Ses oreilles s'allongèrent et se fondirent dans le reste du crâne grandissant jusqu'à ressembler à des cornes. Ses yeux en amandes devinrent plus petit et se mirent à briller d'un rouge sombre tandis que le sourire de l'elfe de feu se changeait en une grimace haineuse d'où émergeait des crocs ardents qui donnait l'impression d'être couverts de sang. Le visage démoniaque continua de danser un instant devant leurs yeux de disparaître à son tour.
Pater comprit que la magie à l'oeuvre n'était pas fini pour autant. Il voyait encore les vagues de pouvoir danser autour des flammes et sut qu'il pouvait leur demander de modeler le brasier pour lui.
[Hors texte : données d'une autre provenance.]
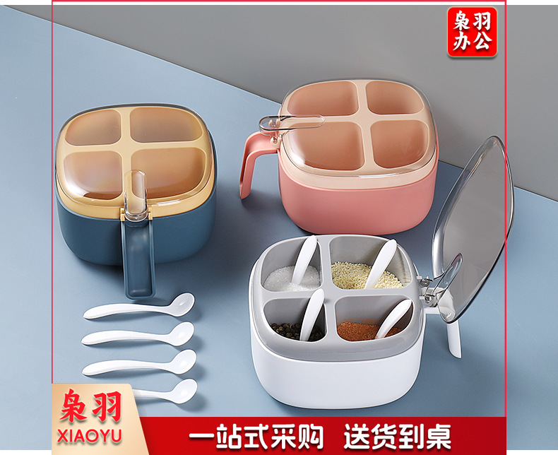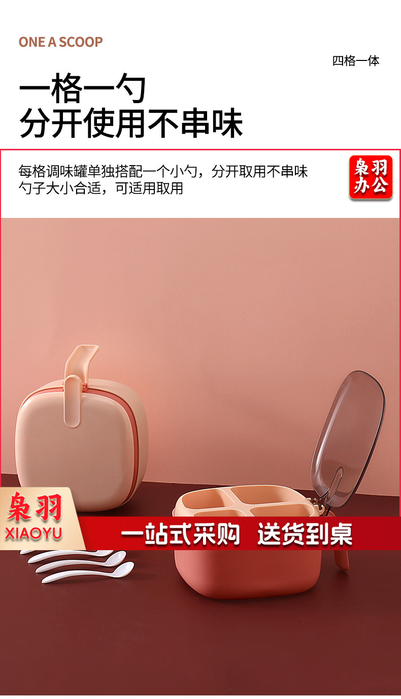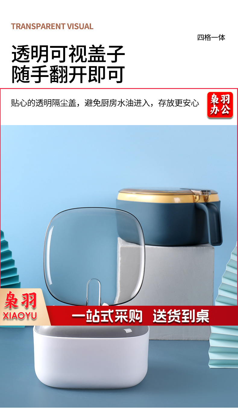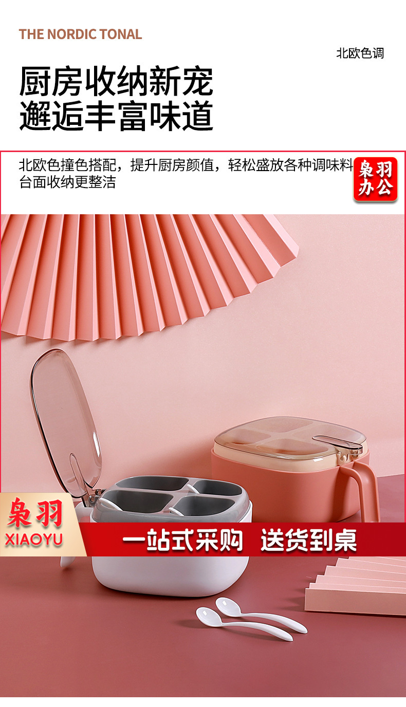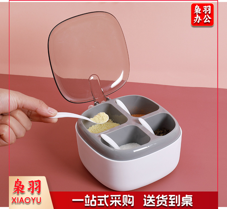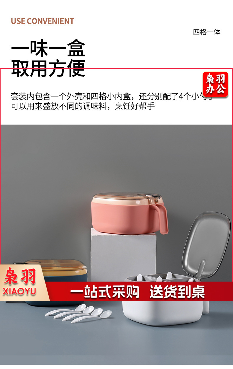 四格调料盒厨房用品撞色透明盖子带勺子按压式调味盒放盐味精佐料(素雅灰【限价/带防伪标】+四个勺子)
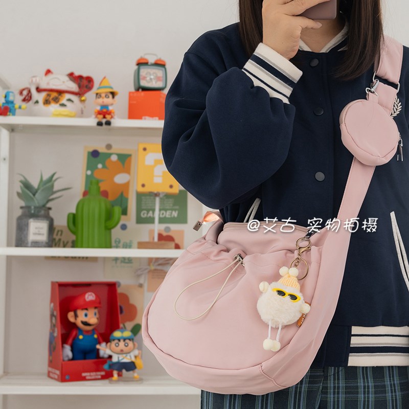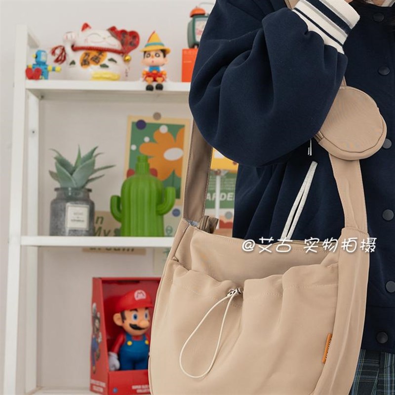 学生简约单肩包纯色上课补习小众斜挎包帆布轻便通勤慵懒风邮差包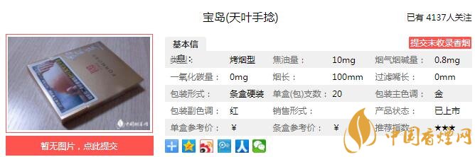 寶島(天葉手捻)也叫寶島(國際版),據(jù)說在臺(tái)灣并不是很常見的產(chǎn)品,而在臺(tái)灣機(jī)場(chǎng)免稅店賣的還不錯(cuò)的,是為大陸游客開發(fā)設(shè)計(jì)的產(chǎn)品。下面就由香煙網(wǎng)小編帶大家一起來了解寶島天葉手捻的相關(guān)信息。
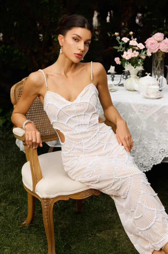 Shine elegantly in the Teresa Pearl Sequin Midi Dress – sophisticated, sparkling, and perfect for special occasions.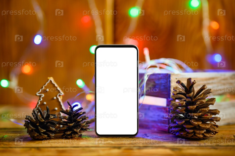 Смартфон с пустым белым дисплеем стоит рядом с сосновыми шишками. На заднем плане — боке от разноцветных гирлянд и рождественских украшений. Выборочная фокусировка

« Que prépare l'armée des gnolls de Skalafaar ? » demanda-t-il d'une voix forte et pleine d'assurance.
Aussitôt, les flammes se remirent à bouger pour former une scène criante de réalisme. Ils virent des silhouettes de gnolls se rassembler au centre du brasier et se multiplier. D'une dizaine, ils furent bientôt plusieurs centaines, peut-être même plus d'un millier, rassemblé devant une masse de flammes, comme pour la défendre. Cette masse centrale se stabilisa bientôt pour devenir un espèce de contrefort rocheux dont émergeaient quatre pics, de hauteurs différentes, qui pointaient vers le ciel.
Finalement, les flammes disparurent aussi soudainement qu'elles s'étaient matérialisées et un bruit de claquement se fit entendre, provenant de l'entrée du mausolé. La vision de Pater se brouilla à nouveau et il retrouva ses sens de tieffelin.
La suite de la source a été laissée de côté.